1. Calculate the amount of amortization expense for the year ended December 31, 2008, using the straight-line method of amortization.
2. If 16,000 units of product are produced in 2008 and 24,000 units are produced in 2009, what is the book value of the equipment at December 31, 2009 using the units-of-activity amortization method.
3. If the company uses the double declining-balance method of amortization, what will be the balance of the Accumulated Amortization-Equipment account at December 31, 2010?

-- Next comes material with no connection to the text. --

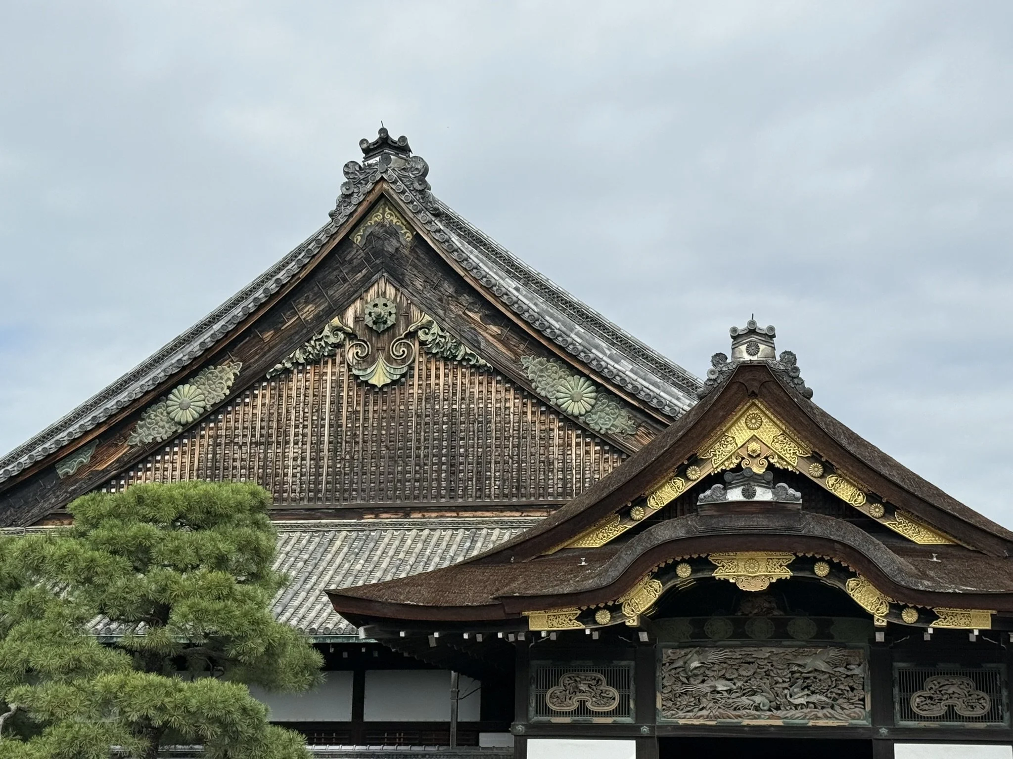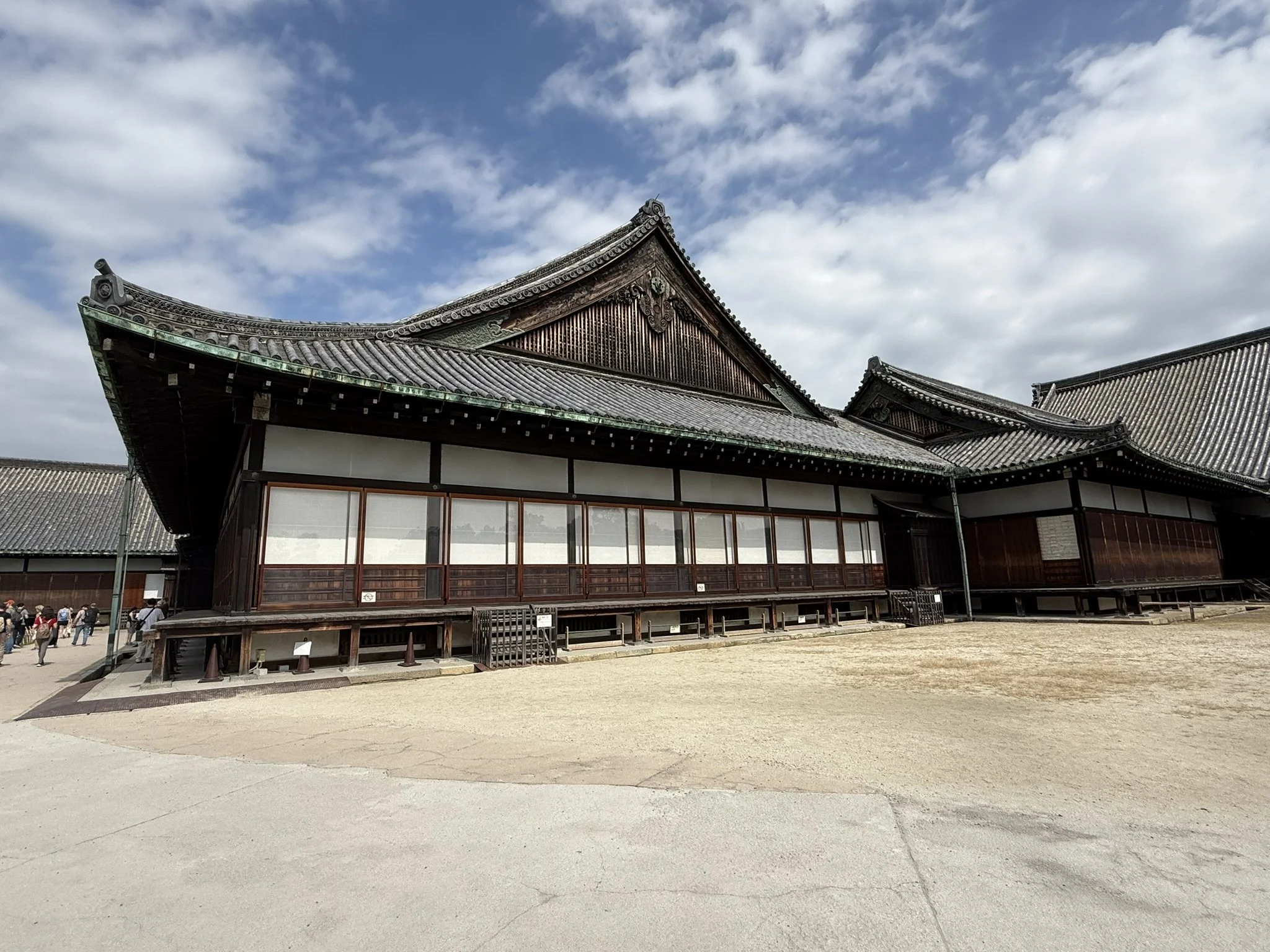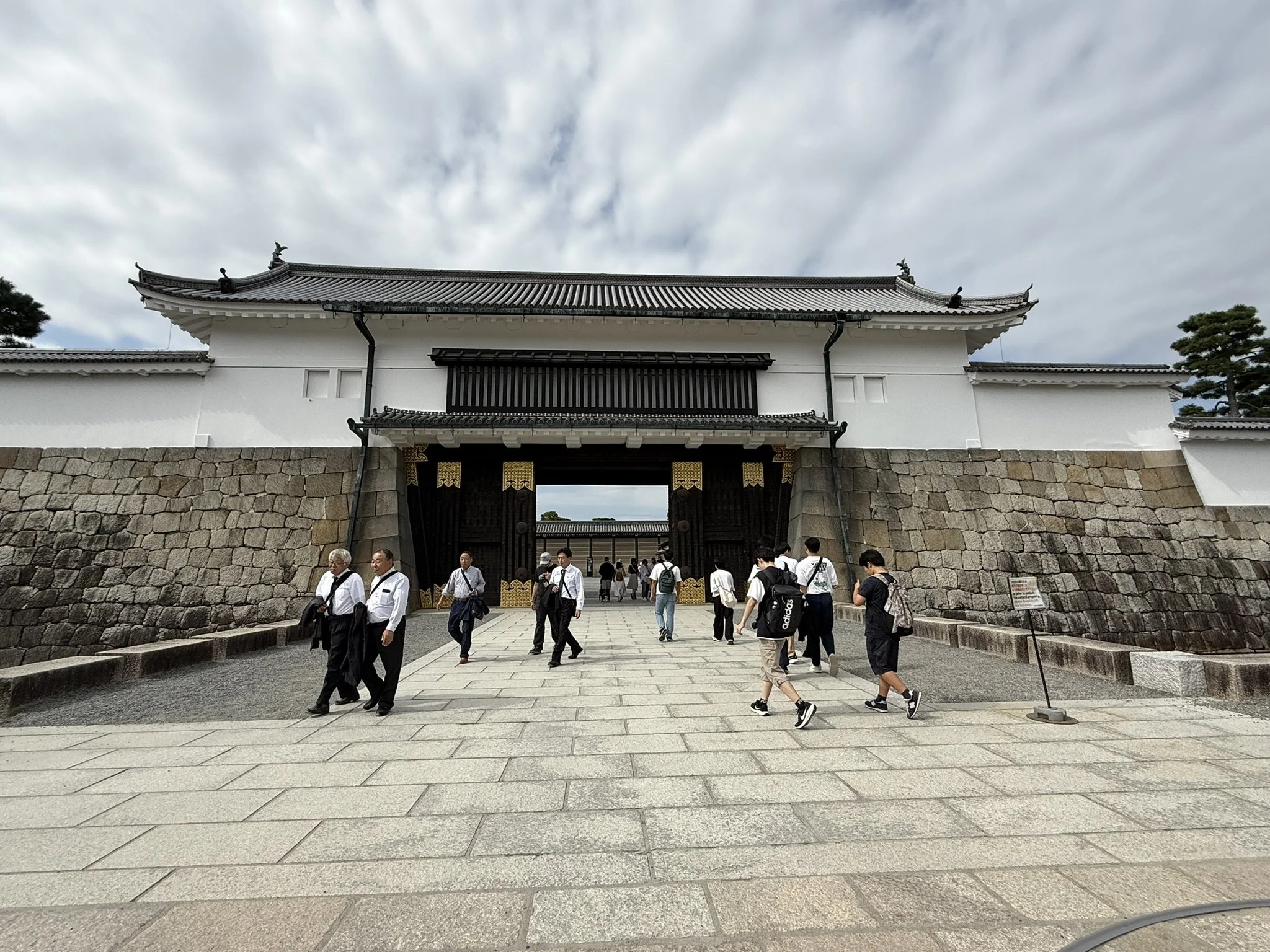 Our next stop was the Nijo-jo Castle, an UNESCO World Heritage Site that was completed in 1603 by the order of the first Shogun of the Tokugawa Shogunate, Tokugawa Ieyasu. The Castle was the residence of the Shogun while in Kyoto, or housed the Nijo Zaiban samurai guards when the Shogun was not present. The rule of the Imperial Court and the first samurai government was established in Kamakura in 1185 and political rule was taken over by the samurai. Since the head of the Kamakura samurai government was officially granted the title of Seii-Taishogun, this name was later abbreviated to Shogun. This is basically a very ancient court appointment dating back to the 8th century (like a commander-in-chief). While this started as a temporary appointment, it became a permanent position for the political ruler of Japan after 1192. We walked the many gardens and walked the Ninomaru-goten Palace. This palace consists of 6 connected buildings with intricate paintings between the rooms such as the Tozamurai (waiting room), the Shikidai (reception room), the Ohiroma San-no-ma (third room), the Ohiroma Ich-no-ma, Ni-no-ma (grand hall), the Kohiroma (small grand hall), Shiro-shoin (sitting room), Ohiroma Yon-no-ma (fourth room), Shikidai Roju-no-ma (senior counselor’s room), Tozamurai Chokushi-no-ma (messenger’s room) and Tozamurai Yanagi-no-ma (willow room). While these are not all originals, we were able to view the "Fourth Room of the Kuroshoin” as a special exhibition in a separate museum hall.

Question 2 - McGuinness Mining Company purchased land containing an estimated 15 million tonnes of ore at a cost of $5,400,000. The land without the ore is estimated to be worth $600,000. The company expects to operate the mine for 10 years. Buildings costing $800,000 are erected on the site and are expected to last for 25 years. Equipment costing $1,000,000 with an estimated life of 12 years is installed. The buildings and the equipment possess no residual value after the mine is closed. During the first year of operations, the mining company mined and sold 2 million tonnes of ore.
Instructions -
(a) Calculate the amortization cost per tonne of the mine.
(b) Calculate the amortization expense for the first year on the mine.
(c) Calculate the appropriate first year's amortization expense for the buildings.
(d) Calculate the appropriate first year's amortization expense for the equipment.